For six years, I taught my Trinity College students that switching costs were the moat.
The textbook example was the iPhone. Once one person in a family had one, the rest tended to follow, because iMessage worked best when everyone was inside it. The green bubble was a tax on the outsider. Group chats split along device lines. Switching meant degrading the experience for everyone you loved.
The example I would give them now is the platform you are reading this on. LinkedIn does not lock you in with photos or messages. It locks you in with the network you spent a decade building. Every connection you accepted, every comment that sparked a conversation, every recommendation that took ten minutes to write. You could move to a competitor tomorrow. Your network would not come with you. The cost is not a subscription fee. It is a decade of social capital.
I taught these examples for six years. A few months ago, I dissolved one of the deepest versions of the same idea on my screen in 60 seconds.
I imported my ChatGPT memory into Claude. The thing my students were taught was the most defensible asset in modern technology, the personal context that took a year to build and supposedly could not be transferred, moved between providers with a single prompt. A year of preferences, conventions, working style, copied from one foundation model to another in less than a minute. I sat there staring at my laptop trying to reconcile what I was watching with what I had taught years ago.
The journalism is calling this a switching cost story. Built In frames it as portability eroding lock-in. a16z walks through Hamilton Helmer’s Seven Powers framework and concludes that switching costs are the one moat AI is genuinely changing, but argues this is good for software because companies will have to compete on quality. TechBuzz calls it the AI equivalent of mobile phone number portability. All of this is true. None of it is the whole picture.
What the journalism is missing is a distinction my students used to write on their exams.
There are two kinds of network effects, and most commentary conflates them. The first is the direct effect, the one that operates between users. iMessage is more valuable because my family is on it. LinkedIn is more valuable because my professional network is. The second is the indirect effect, the one that operates between users and the producer. The more people use a product, the more data the producer collects, the better the product gets, the more users it attracts. The first is visible. The second is invisible.
AI assistants never had strong direct network effects. I do not need other people to use Claude for Claude to be useful to me. The lock-in was always something else: the personal context I had accumulated inside one provider’s memory. Memory was the moat, dressed up in network-effect language. Memory Import did not weaken a network. It dissolved a switching cost that was never really a network in the first place.
The indirect effect, the one underneath the surface, is intensifying. Every conversation a user has with a foundation model becomes part of the training distribution that improves the next version. The more users a model has, the better it gets, which attracts more users. This is not a metaphor. It is the actual production function. The INET working paper from October 2024 modeled this carefully. Compute, data, and talent all exhibit massive economies of scale. Frontier model training now costs hundreds of millions of dollars. The barriers to entry at the foundation layer are getting higher, not lower.
So the consumer story and the production story point in opposite directions at the same time. At the surface, switching is becoming radically easier. Underneath, the producers are consolidating. The market is becoming more contestable for users and more concentrated for builders. Both things are true. Most commentary picks one and ignores the other.
For the people whose careers were built between these two layers, this matters in a concrete way.
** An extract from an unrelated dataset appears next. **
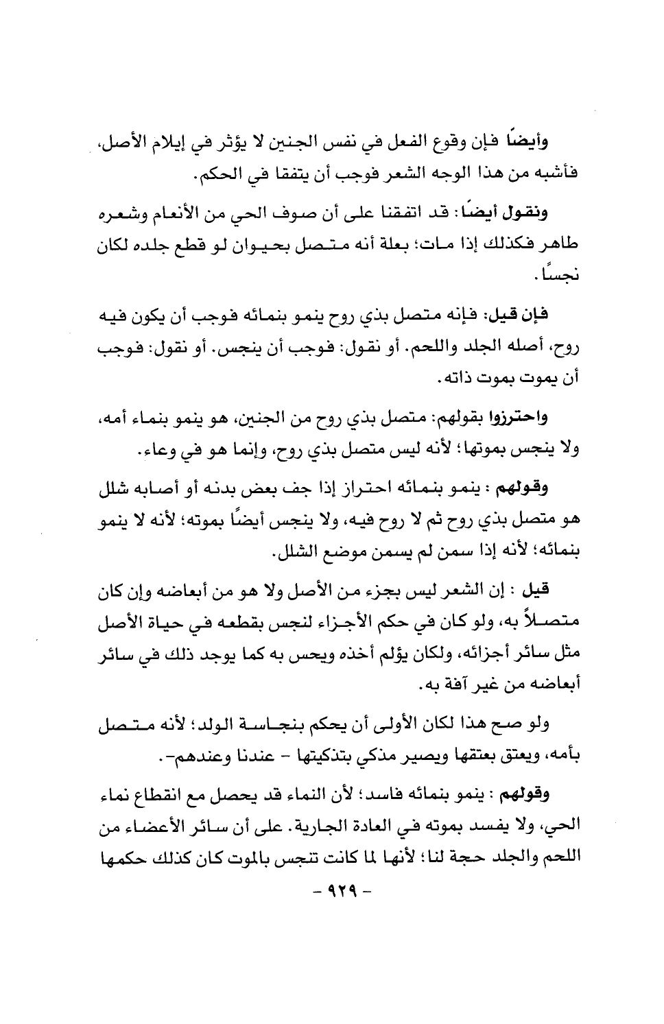 ونقول أيضا: قد اتفقنا على أن صوف الحي من الأنعام وشعره طاهر فكذلك إذا مات؛ بعلة أنه متصل بحيوان لو قطع جلده لكان نجسا.

For the last two years, an entire category of companies has lived in the space between the foundation models and the end user. Wrappers. Connectors. Vertical AI tools that took a base model and bolted it to a specific data source or workflow. Their pitch was that switching was hard because they owned the connection to your data. The teams inside those companies built careers on the assumption that the connector layer was where the durable value would accrue.
Then MCP and native connectors arrived. Foundation models can now plug directly into your email, your calendar, your documents, your codebase. The integration layer that made its money being the connection is being compressed by an open protocol the foundation labs themselves are publishing. The companies in the middle are being squeezed from both directions. The consumer side is becoming more contestable. The production side is becoming more concentrated. The middle is being thinned.
This is the part of the story that does not fit cleanly into the journalism’s frame. It is also the part that affects the most people. The workers inside connector companies, the founders who raised on integration moats, the engineers whose specialization was the seam between models and data. These are the careers being restructured by a shift the headlines are still describing as a consumer switching story.
For the people building inside this market, including me with my own small AI products, the implication is the same one that has always been true and is now louder. The defensibility of the previous era does not transfer. Switching costs from accumulated context are being engineered away by the foundation labs themselves. Connector economics are being compressed by open protocols. What remains is what was always going to remain in the long run: the quality of the product, the trust of the user, the depth of the workflow, the specificity of the problem.
I am not writing this as a lament. The textbook I taught for six years described an equilibrium that was always more fragile than it looked. What is happening now is not the death of network effects. It is their migration.
The direct effects that powered the social era never really came to AI assistants. The indirect effects are concentrating in the foundation layer. The connector layer in the middle is being thinned. The map of where defensibility lives in technology is being redrawn in real time, and most of the people writing about it are still using the old map.
The moat I taught is dissolving on my screen. The one I will teach next will be a different shape entirely.